In spite of what Providence local Craig Brentwood described as a “rough” 2013, he has high hopes for the coming year. “I’m thinking about getting a nose piercing,” said Brentwood, who has no idea that this goal will be unattainable when aliens descend on Earth, grate his face off of his head, and surgically attach a goat face to the gaping chasm in front of his cranium. “It’s something I’ve been wanting to do for a long time and I really think it would look cool.”

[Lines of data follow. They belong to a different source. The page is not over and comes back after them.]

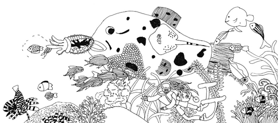 点评:整幅画面以线描的形式创作,点线面自然组合,疏密浓淡关系处理得都很好,我们仿佛身临其境,与潜水员一起在海洋世界与海洋生物和谐共舞。(刘一丁)
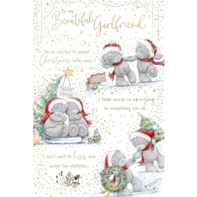 CUTE CHRISTMAS CARD FOR YOUR GIRLFRIEND - let her know just how much you love her with this heartwarming card featuring a unique 'storyboard' front cover and an illustrated paper insert inside ADORABLE TATTY TEDDY ILLUSTRATIONS - the bespoke festive artwork shows two Tatty Teddy bears sharing fun moments as they celebrate Christmas together; open the card to reveal further cute illustrations! ROMANTIC VERSE - the loving verse on the front of the card reads 'To my beautiful girlfriend, I'm so excited to spend Christmas with you...I think you're so amazing in everything you do. I can't wait to kiss you under the mistletoe…' and the inside verse reads '...go stargazing together and make angels in the snow. With all my love' PREMIUM CARD MEASURES 6x9ins - made from highest quality materials, with love and care, this gorgeous Christmas card is sure to be treasured GENUINE ME TO YOU GREETING CARD – unique and instantly recognisable with grey fur, a cute blue nose and patches, Tatty Teddy has captured millions of hearts all over the world with a timeless message of love, happiness and friendship
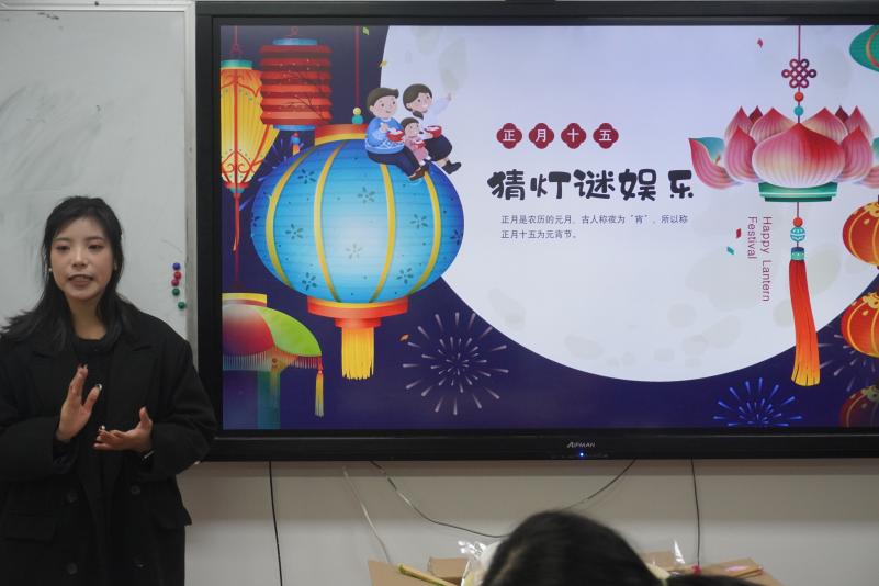 元宵节当然少不了猜灯谜,这个游戏既能启迪智慧又能增添节日气氛,让大家感受到古代劳动人民的聪明才智和对美好生活的向往。在活动中,同学们积极举手回答,现场气氛十分热烈,现场一片欢声笑语。
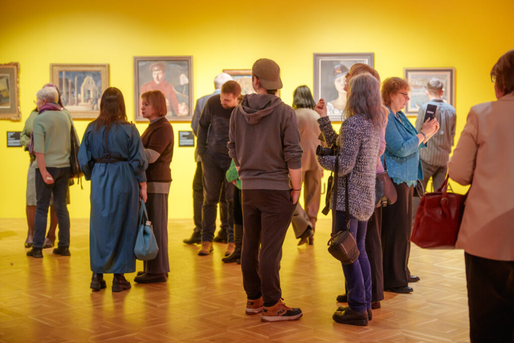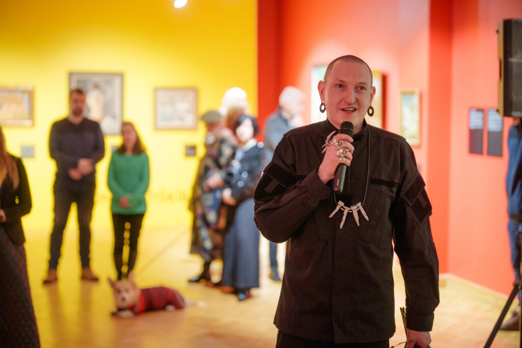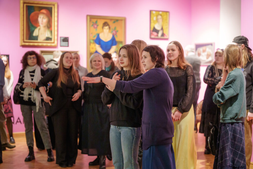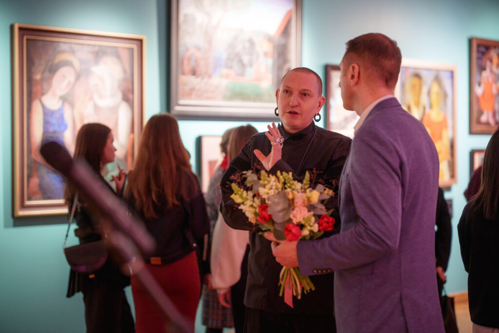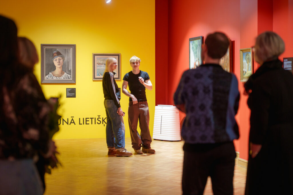 Uzrunājot klātesošos, izstādes scenogrāfs Kristians Brekte atklāja iedvesmas avotus un izstādes ieceri. Viņš norādīja, ka izstādes košās tonālās paletes iedvesmas avots bijis mākslinieks Ģederts Eliass, savukārt Ludolfa Liberta darbs “Lauku sievas” kalpojis par būtisku vizuālu atskaites punktu. Scenogrāfs uzsvēra, ka, viņaprāt, izstāde ir patriotiska, un akcentēja izvēlēto ekspozīcijas risinājumu – lakonisku, viegli uztveramu un izglītojošu tekstuālo materiālu.
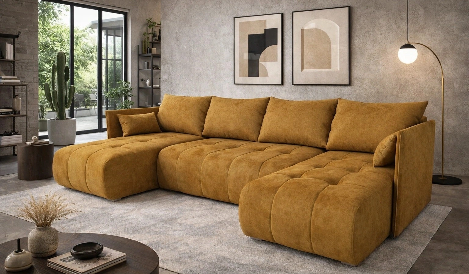 Narożnik Selva U w kolorze miodowym to atrakcyjny mebel, który z łatwością odnajdzie się w każdym pomieszczeniu Twojego domu.
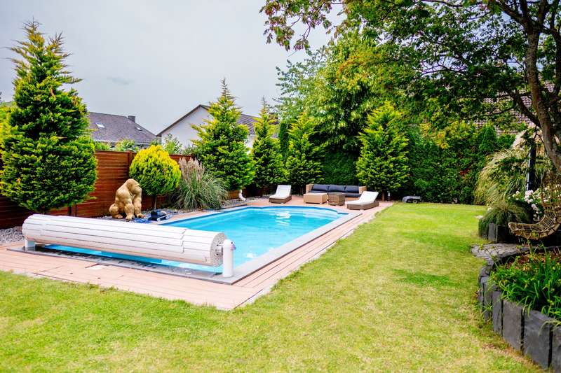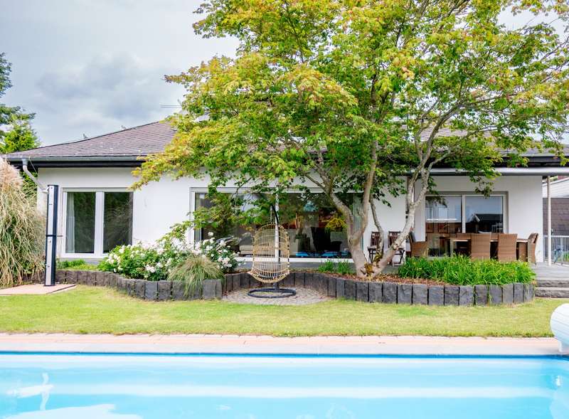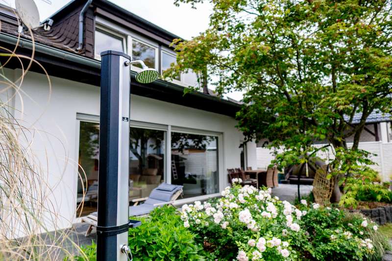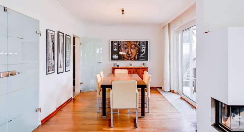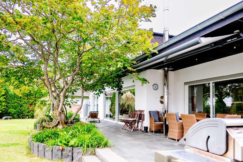 For sale is a modern renovated detached house on a plot of approx. 718 m². The property impresses with its very good and quiet location, which offers the perfect retreat for families. This property cleverly combines comfort with functionality and is ready to offer new residents a pleasant home. With its seven rooms, including four bedrooms, the house offers plenty of space for individual design and development. The light-flooded entrance area leads you into the spacious living and dining area. The embedded fireplace creates a cozy atmosphere on cooler days. Here you can comfortably wind down from everyday life. The area impresses with its large window fronts, which not only let in plenty of natural light, but also provide direct access to the covered terrace and garden. The view immediately falls on the heated outdoor pool, which is the centerpiece of the modern outdoor area. A covered terrace with awning and an outdoor shower complete the comfortable outdoor area. The tasteful planting and a practical garden shed round off the garden concept. In the basement, residents have access to a laundry room with integrated shower, a fitness room and a wellness area with sauna. These well thought-out additional rooms contribute to a high level of living comfort. Another highlight of this property is the garage with electric door, which offers enough space for a vehicle and is directly connected to the building. This feature underlines the high utility value and well thought-out planning of the house. This property cleverly combines comfort with functionality and is ready to offer new residents a pleasant home. The good infrastructure in the surrounding area ensures that all the necessary facilities for daily life are within easy reach. The quiet location ensures that sIe can enjoy peace and privacy while benefiting from the proximity to urban amenities. Arrange a viewing today to see the benefits of this property for yourself.
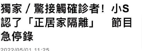 根据台媒爆料,小s正在录制的新节目《小姐不熙娣》因工作人员确诊新冠而喊停,周六,原本小小s要录制节目,结果,因节目组工作人员确诊而紧急取消,小s因与工作人员有接触而被居家隔离。对此,今天,《三立新文网》记者向小s求证身体情况,小s回应记者说:“每天都快篩,目前阴性。但因為接触过确诊者,因此,她目前正在「3+4」居家隔離,等隔离结束後就會正常复工。被问及心情时,小s透露:「沒事,就照录,平常心看待。
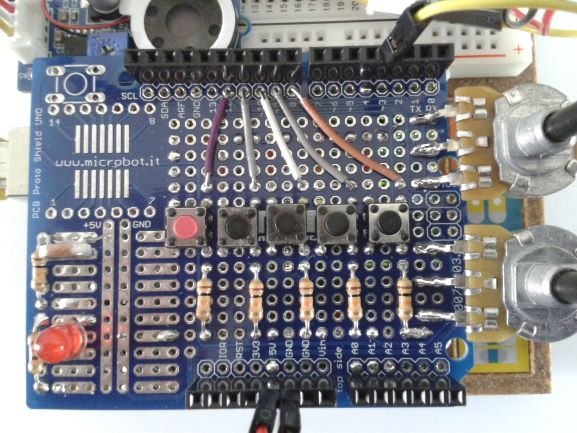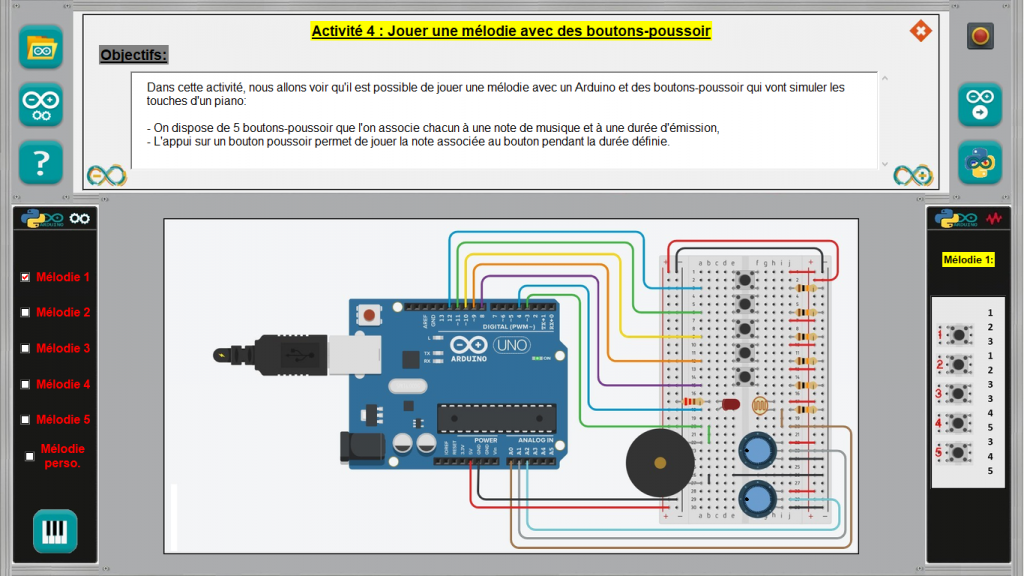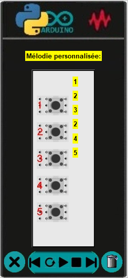Si le mode de fonctionnement est le ”contrôle de l’Arduino”, la mélodie est jouée aussi bien en appuyant sur les boutons poussoir réels que virtuels, en suivant la partition (liste dans l’ordre des boutons à appuyer)
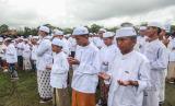 Sejumlah santri berdoa saat mengikuti upacara peringatan Hari Santri Nasional 2022 di halaman Kantor Gubernur Provinsi Kalimantan Tengah, Palangka Raya, Kalimantan Tengah, Sabtu (22/10/2022). Kegiatan tersebut diikuti ribuan santri dan pelajar dengan mengusung tema Berdaya Menjaga Martabat Kemanusiaan untuk menumbuhkan sikap moderat dan toleransi kalangan santri, umat Islam, dan seluruh bangsa. (FOTO : ANTARA/Makna Zaezar)

“The Sox could make a run at defending their championship,” said New England firefighter Mark Crow, unaware that revered catcher Jarrod Saltalamacchia’s iconic beard would soon be replaced by a bloody goat stump of a face. “Go Sox!”
“I’m very excited to be having my first grandchild in the new year,” said 89-year-old Ethel Johnson, completely oblivious of the fact that what she expects to be a normal-looking infant will not have a human face for more than the time it will take the alien doctor to skin it off with some kind of alien version of a scalpel and surgically implant the well preserved, infant-sized goat head in its place.
“I have a sexual disorder where I am only attracted to people with goat faces,” said Alfred Pickling, who will soon experience a dramatic increase in the number of opportunities he has to act on his seemingly impossible sexual fetish. “Unlucky for me, that’s not a thing that exists. My condition has ruined my life. I feel extremely depressed and alone.”